> _MATERIAL SUPPLIED_:
----
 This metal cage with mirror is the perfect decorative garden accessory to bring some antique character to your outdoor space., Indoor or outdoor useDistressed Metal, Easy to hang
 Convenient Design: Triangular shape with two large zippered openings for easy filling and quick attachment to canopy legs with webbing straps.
----
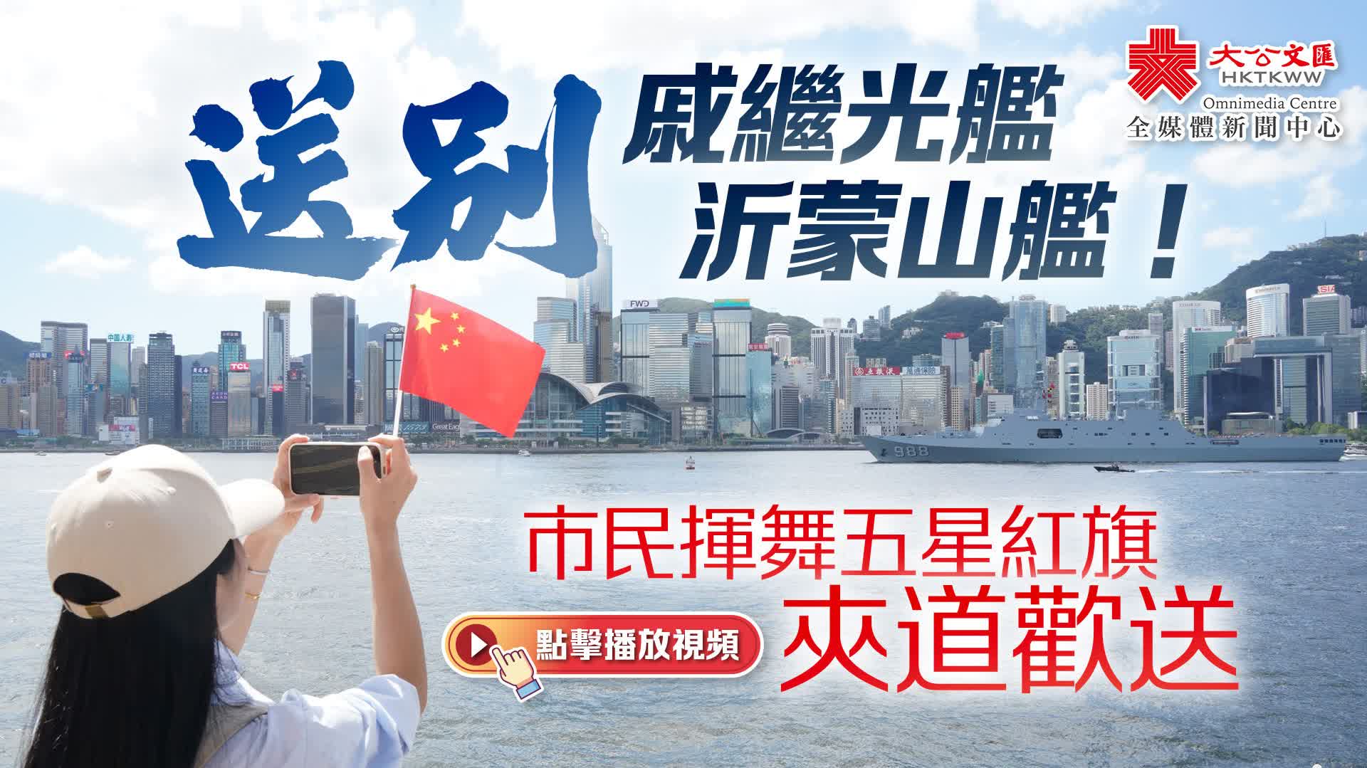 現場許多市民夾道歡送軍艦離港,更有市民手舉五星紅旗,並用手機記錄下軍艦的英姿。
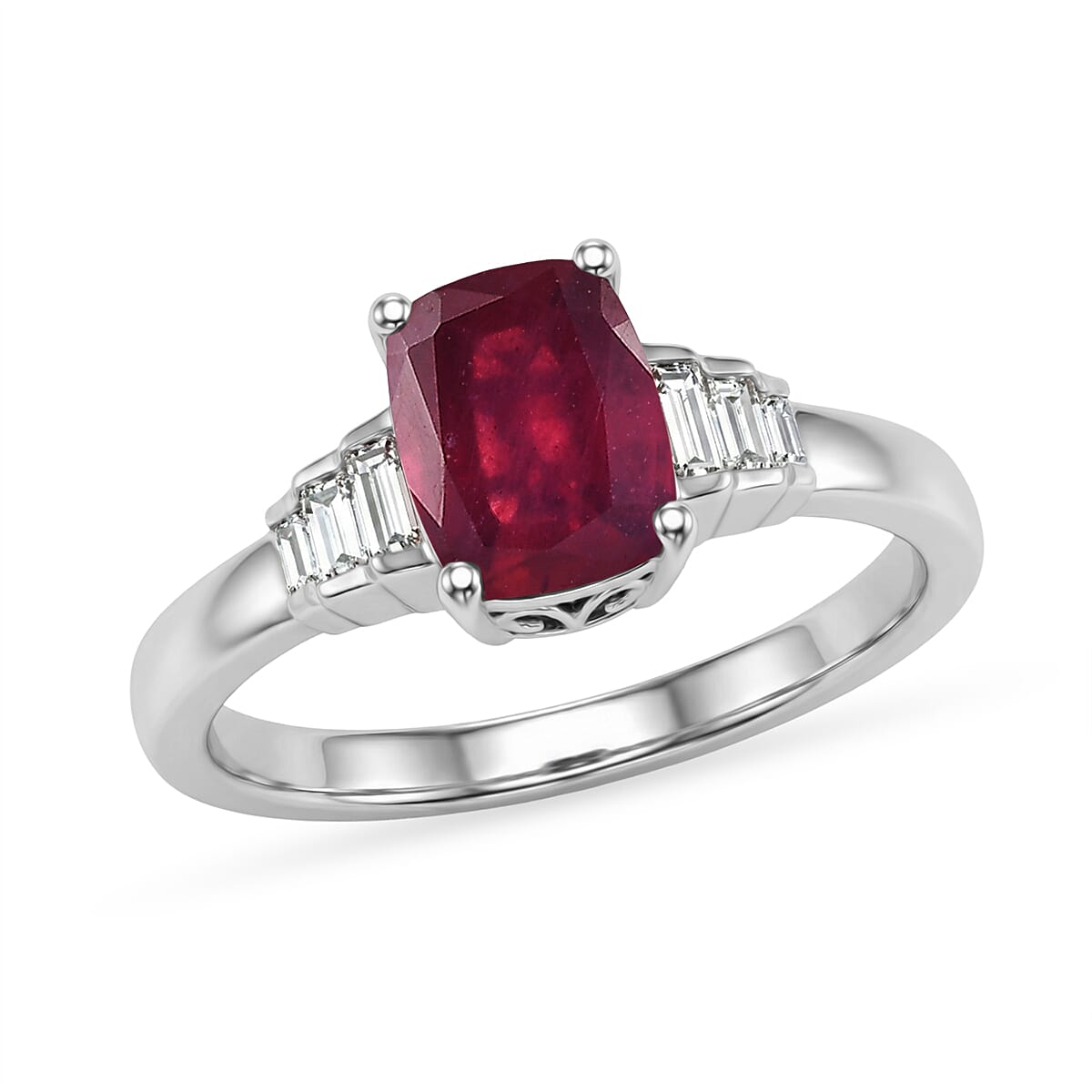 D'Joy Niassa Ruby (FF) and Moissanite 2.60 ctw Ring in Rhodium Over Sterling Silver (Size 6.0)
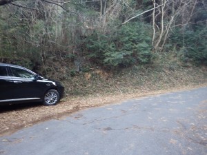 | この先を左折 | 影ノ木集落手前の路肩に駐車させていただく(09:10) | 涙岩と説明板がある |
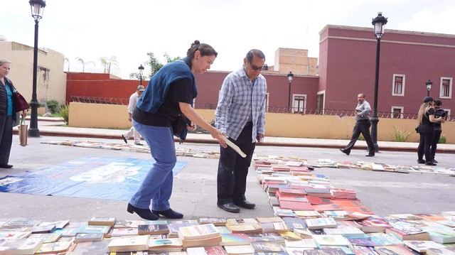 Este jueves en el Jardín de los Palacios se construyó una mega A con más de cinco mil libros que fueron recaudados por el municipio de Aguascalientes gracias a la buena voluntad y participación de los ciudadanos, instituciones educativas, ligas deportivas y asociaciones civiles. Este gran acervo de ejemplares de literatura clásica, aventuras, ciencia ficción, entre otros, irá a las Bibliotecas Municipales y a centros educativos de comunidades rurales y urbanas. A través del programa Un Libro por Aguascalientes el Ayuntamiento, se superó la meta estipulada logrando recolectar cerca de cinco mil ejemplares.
----
> _TASK DIRECTIONS_: Transcribe, word for word, the lines of the listing above from the one that contains "D'Joy Niassa Ruby" through the one that contains "影ノ木集落手前の路肩に駐車させていただく(09:10) | 涙岩と説明板がある |", keeping both ends and dropping the pictures.

> _TASK OUTPUT_:
 D'Joy Niassa Ruby (FF) and Moissanite 2.60 ctw Ring in Rhodium Over Sterling Silver (Size 6.0)
 | この先を左折 | 影ノ木集落手前の路肩に駐車させていただく(09:10) | 涙岩と説明板がある |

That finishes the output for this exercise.